Data shown:
►
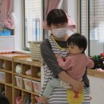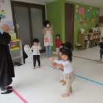 「しあわせなら手をたたこう」のお歌を歌い、1番は手をたたこう、
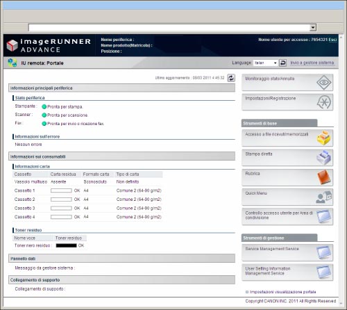 L'IU remota consente di accedere alla macchina dalla rete, permettendo così di visualizzare lo stato attuale della macchina e le impostazioni attive, nonché lo stato di tutte le informazioni e dell'elaborazione dei processi. La macchina può essere utilizzata tramite il computer collegato in rete, senza dover eseguire alcuna operazione sulla macchina stessa. Immettendo l'indirizzo IP della macchina nel browser web, sulla schermata del computer viene visualizzata la pagina iniziale o la schermata principale della IU remota, come illustrato di seguito:
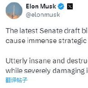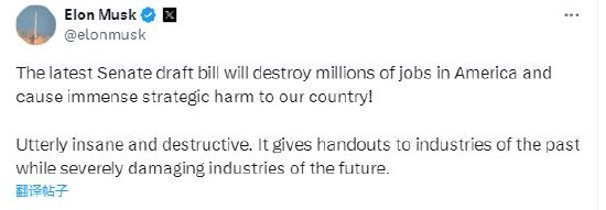 “参议院最新的法案草案将摧毁美国数以百万计的就业机会,并对我们的国家造成巨大的战略伤害!”马斯克周六写道。美国参议院正计划就这份近1000页的法案进行投票辩论。
◄
Please output the material as written, apart from the images.

Exercise solution:
 「しあわせなら手をたたこう」のお歌を歌い、1番は手をたたこう、
 L'IU remota consente di accedere alla macchina dalla rete, permettendo così di visualizzare lo stato attuale della macchina e le impostazioni attive, nonché lo stato di tutte le informazioni e dell'elaborazione dei processi. La macchina può essere utilizzata tramite il computer collegato in rete, senza dover eseguire alcuna operazione sulla macchina stessa. Immettendo l'indirizzo IP della macchina nel browser web, sulla schermata del computer viene visualizzata la pagina iniziale o la schermata principale della IU remota, come illustrato di seguito:
 “参议院最新的法案草案将摧毁美国数以百万计的就业机会,并对我们的国家造成巨大的战略伤害!”马斯克周六写道。美国参议院正计划就这份近1000页的法案进行投票辩论。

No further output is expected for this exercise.